Community-based HCV screening: knowledge and attitudes in a high risk urban population.

BMC Infect Dis 2014 Feb 10;14:74. Epub 2014 Feb 10.

Division of Infectious Diseases and International Health, Duke University Medical Center, Box 102358, Durham, NC 27710, USA.

Background: In an attempt to curtail the rising morbidity and mortality from undiagnosed HCV (hepatitis C virus) in the United States, screening guidelines have been expanded to high-risk individuals and persons born 1945-1965. Community-based screening may be one strategy in which to reach such persons; however, the acceptance of HCV testing, when many high-risk individuals may not have access to HCV specific medications, remains unknown.

Methods: We set out to assess attitudes about HCV screening and knowledge about HCV disease at several community-based testing sites that serve high-risk populations. This assessment was paired with a brief HCV educational intervention, followed by post-education evaluation.
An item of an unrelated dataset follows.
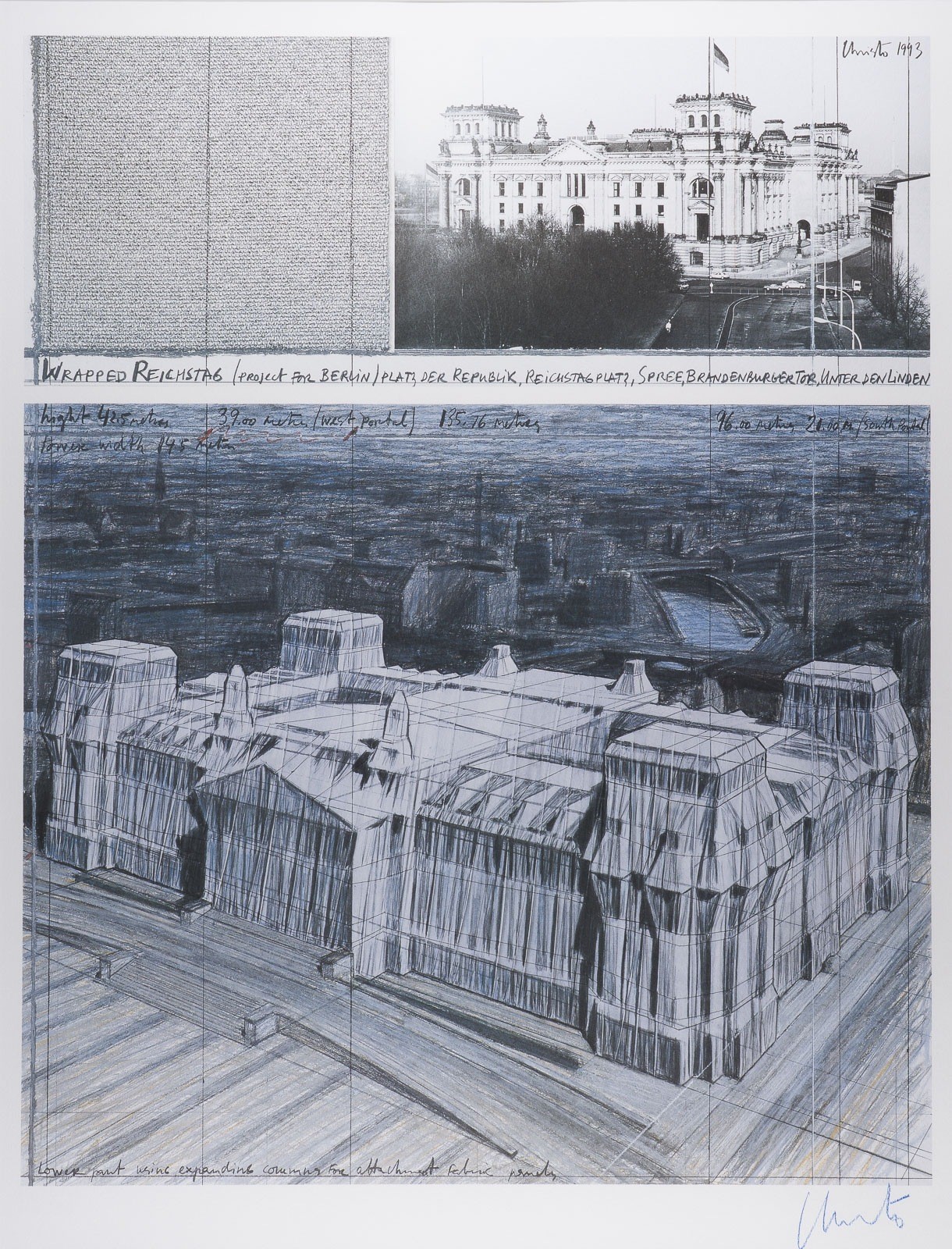 Farboffset auf festem Papier. R 109 x 88,5 cm. DM 77,8 x 61,7 cm. Unten rechts mit blauem Fettstift handsign. 'Christo' sowie oben rechts im Druck sign. u. dat. Im Passepartout und hinter Glas gerahmt (ungeöffnet).

Results: Participants (n = 140) were surveyed at five sites; two homeless shelters, two drug rehabilitation centers, and a women's "drop-in" center. Personal acceptance of HCV testing was almost unanimous, and 90% of participants reported that they would still want to be tested even if they were unable to receive HCV treatment. Baseline hepatitis C knowledge was poor; however, the brief educational intervention significantly improved knowledge and increased acceptability of testing when medical access issues were explicitly stated.

Conclusions: Despite inconsistencies in access to care and treatment, high-risk communities want to know their HCV status. Though baseline HCV knowledge was poor in this population, a brief on-site educational intervention improved both knowledge and acceptability of HCV testing and care. These data support the establishment of programs that utilize community-based screening, and also provide initial evidence for acceptance of the implementation of the recently expanded screening guidelines among marginalized communities.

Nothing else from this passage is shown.